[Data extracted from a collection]
'''

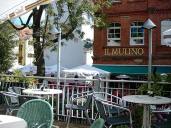 Keywords: beer garden terrace dining tables chairs parasol building gastronomy
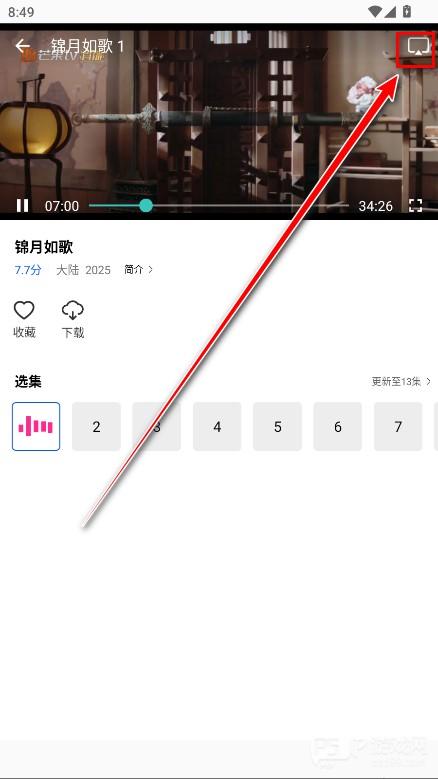 2.点击投屏图标。
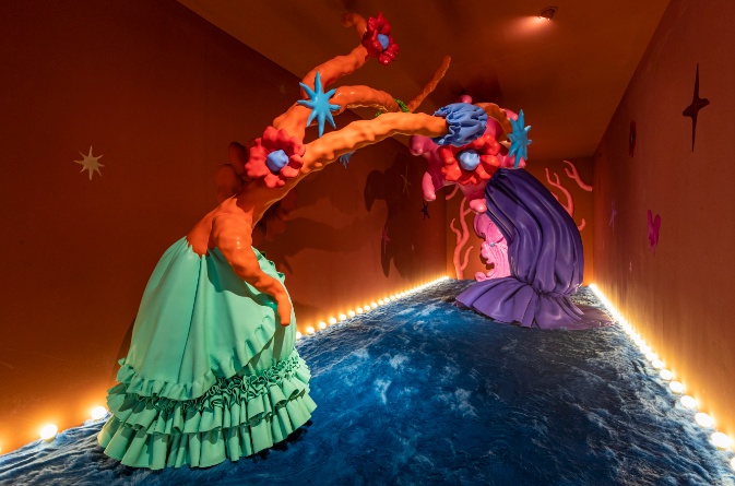 该艺术装置从被刻意放大尺寸的怪诞日常,到陨石内部的甬道,让感观者想起科幻小说中的主角形象,而这段旅程不止于此,主角的眼睛在穿越时空之门后回望着观者,达到旅途高潮,其生动形象于脑海中久久萦绕。
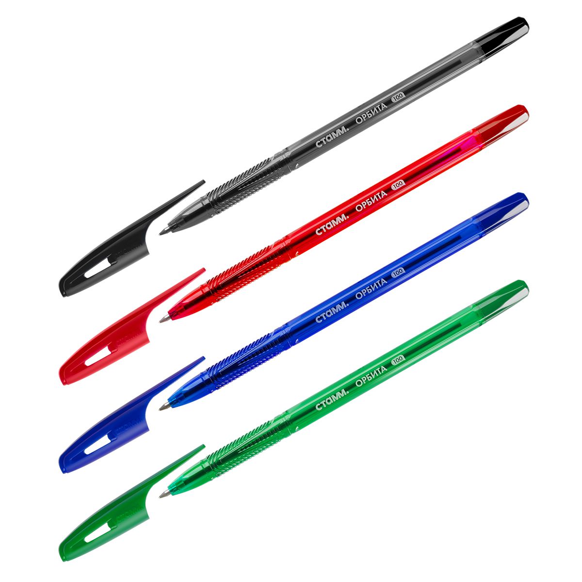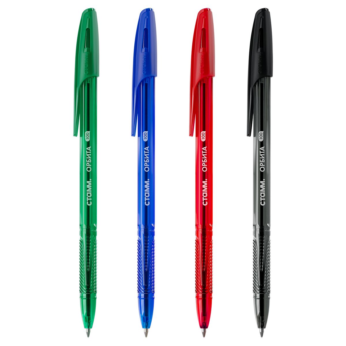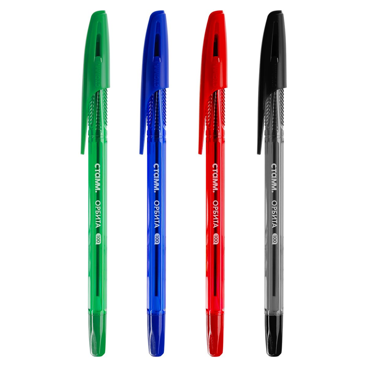 Набор шариковых ручек СТАММ «Орбита 100» 4шт., 4цв., 0,7мм, тонированный корпус, пакет с европодвесом
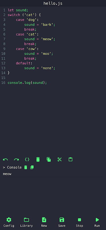 Minimalistischer JavaScript-Code-Editor, mit dem Sie Konsolenskripts unterwegs von Ihrem Mobilgerät aus ausführen können.
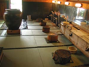 入り口から渡り廊下をてけてけと歩いていき、途中の玄関で靴を脱ぎます。浴室のある建物はまだ結構新しく、何となく木の香りもする落ち着いた雰囲気です。男湯と女湯は確か日替わりで変わります。「猿岩窟」と「亀仙人」だったっけ、あれ、忘れた。「亀・・」じゃなかったかも。浴室はどちらも木をふんだんに使った作りで、天井は高いし、いい感じです。どちらの場合も真ん中に置かれた大きなかめに荒塩がたっぷりと詰められており、それで体をこするとなんだか因幡の白ウサギになれるような気がして(笑)おもしろいのです。で、それぞれこんな感じ。
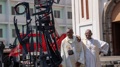 Société 18/10/2025 - 07:14 | Martinique "La vierge et l'enfant" de Khokho René-Coraïl décore à nouveau la façade de l'église de Bellevue Sous les yeux de l'Archevêque de Martinique et nombreux paroissiens, la sculpture géante en fer forgé a été réinstallée...
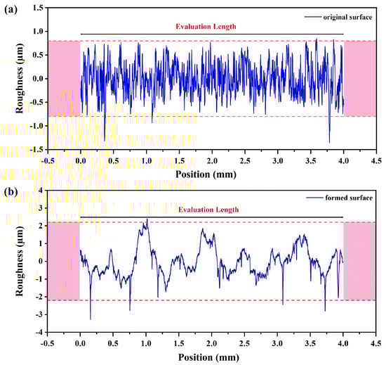 Measured surface profiles using Mitutoyo Surftest SJ-400 (a) original surface; (b) formed surface.
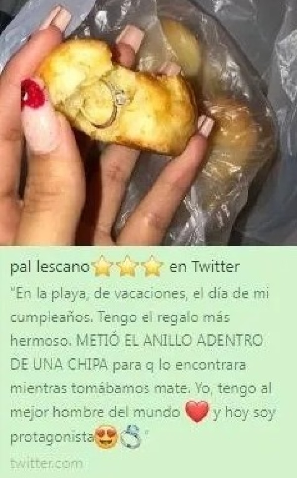 "En la playa, de vacaciones, el día de mi cumpleaños. Tengo el regalo más hermoso", indicó al comienzo de su tierno relato la joven en cuestión. Luego, reveló la sorpresa que le hizo su pareja: "Metió el anillo dentro de una chipá para que lo encontrara mientras tomábamos mate".
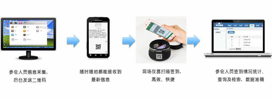 现如今二维码的应用是越来越广泛,各种大小会议使用二维码签到方式也愈发频繁,不仅加快了签到流程,同时对会议现场的管理也更加方便。二维码会议签到是一种新型的签到技术,指的是将会议签到信息储存在二维条码中,通过互联网技术(或短信)方式将二维码电子邀请函发送至嘉宾手机上,签到时通过特定的二维码识别设备对嘉宾手机二维码电子邀请函信息进行扫描、读取和识别,从而实现秒速签到、统计等功能。
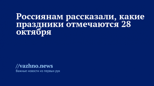 Во вторник, 28 октября, отмечается сразу несколько праздников. В этот день приходится Международный день анимации, а также в России празднуют День бабушек и дедушек. Православная церковь чтит память преподобного Евфимия Нового из Солуна. По народному календарю дата связана с днем Ефимия Осеннего. «Известия» рассказывают о значимых событиях 28 октября и предлагают советы от астрологов на этот день. Праздники 28 октябряМеждународный праздник 28 октября Международный день анимации В разных странах мира 28 октября отмечается Международный день анимации...
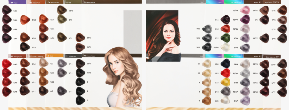 Meilleures ventes, professionnel, OEM, 84 couleurs, nuancier de teinture capillaire, nuancier de couleur de cheveux

'''

**Requirement**
Starting at the first line of the records above, set down each line exactly through the one that holds "Набор шариковых ручек". Omit pictures.

**Finished exercise**
 Keywords: beer garden terrace dining tables chairs parasol building gastronomy
 2.点击投屏图标。
 该艺术装置从被刻意放大尺寸的怪诞日常,到陨石内部的甬道,让感观者想起科幻小说中的主角形象,而这段旅程不止于此,主角的眼睛在穿越时空之门后回望着观者,达到旅途高潮,其生动形象于脑海中久久萦绕。
 Набор шариковых ручек СТАММ «Орбита 100» 4шт., 4цв., 0,7мм, тонированный корпус, пакет с европодвесом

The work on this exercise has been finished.